Also, where did you hear of Solosits/S1s weighing 19-22lbs? Mine is a 54cm build w/ full Centuar (roughly similar in weight to Ultegra) & decently overbuilt DTSwiss handbuilts and it's a hair under 17lbs.


----------



## jaydub_u

S1 might surprise you. I chose it over 3 simularly price CF bikes. Ride was as comfortable and it just felt faster. As for weight, My S1 weighed in at 18.01lbs without water bottles. The 2 CF bikes from Felt and Scott that were comperable in price (2200.00) were 2oz. heavier.


----------



## filtersweep

- Red Shield? An extended warranty against manufacturer's defects?
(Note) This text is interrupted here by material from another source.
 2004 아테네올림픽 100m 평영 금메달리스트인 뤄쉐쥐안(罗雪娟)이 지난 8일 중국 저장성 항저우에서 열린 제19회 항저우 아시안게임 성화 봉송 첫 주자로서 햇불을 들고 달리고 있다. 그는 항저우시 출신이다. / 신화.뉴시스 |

What "defect" will suddenly show up AFTER 3 years?

Toe overlap? Completely normal. You can coast right? Just watch your feet when turning at sub-walking speed.


----------



## brujenn

move your cleats forward?


----------



## messyparrot

For $ 3200.00 you can get a S1 and some nicer wheels.

I love my S1 and it weighs around 17lbs, it is a rocket.
Love my SLC SL also but the S1 is really a steal of a deal at the price they are.


----------



## N.C.VortexRider

filtersweep said:


> - Red Shield? An extended warranty against manufacturer's defects? What "defect" will suddenly show up AFTER 3 years?
> 
> Toe overlap? Completely normal. You can coast right? Just watch your feet when turning at sub-walking speed.
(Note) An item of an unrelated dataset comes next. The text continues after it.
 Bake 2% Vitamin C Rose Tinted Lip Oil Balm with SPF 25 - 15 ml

The red shield covered any defects or wear and tear parts on the Trek. Say I broke my chain, or had a bent rim- from what I understand, if I had the extended warranty I would go in there and the parts are replaced at no charge, and no labor is paid either. The Cervelo doesn't have that, only the defect warranty offered from them direct.

As of today, thinking about the costs and value- I am strongly leaning with the S1/ team soloist over the CF frames. That way the additional savings can later be put towards new aero wheels, better components etc.


----------



## N.C.VortexRider

messyparrot said:


> For $ 3200.00 you can get a S1 and some nicer wheels.
> 
> I love my S1 and it weighs around 17lbs, it is a rocket.
> Love my SLC SL also but the S1 is really a steal of a deal at the price they are.


Ah I just missed your post, looks as if you said the same thing I have thought about and think is the best way to go about what to get. Yet Trek's are awesome... however Cervelo seems to be a step above in overall quality with less marketing, maybe thats why it took me so long to find a Cervelo that beats the Trek's I've been looking at. Its been nothing but TREK TREK TREK and Cannondale, Giant in the mix. 

As for the weight of the s1, I read on a Cervelo forum that riders were weighing in their bikes at roughly 19+ lbs. and it was more tedious work shaving grams off to equal rival CF bikes. 

Overall- looks to me that I will soon be posting up pics of an S1 that I will gallantly say I bought. BTW guys, post up some pics will ya?! Even i'll say "this thread is worthless without pics!"


----------



## jpdigital

The S1+upgraded wheels definatley sounds like the way you should go, then! BTW, when I weighted my bike it was w/ everything on it, inlcuding: 2 bottle cages, pedals (granted, they're Speedplays), computer & a spare innertube.


----------



## natedg200202

N.C.VortexRider said:


> The red shield covered any defects or wear and tear parts on the Trek. Say I broke my chain, or had a bent rim- from what I understand, if I had the extended warranty I would go in there and the parts are replaced at no charge, and no labor is paid either. The Cervelo doesn't have that, only the defect warranty offered from them direct.
> 
> As of today, thinking about the costs and value- I am strongly leaning with the S1/ team soloist over the CF frames. That way the additional savings can later be put towards new aero wheels, better components etc.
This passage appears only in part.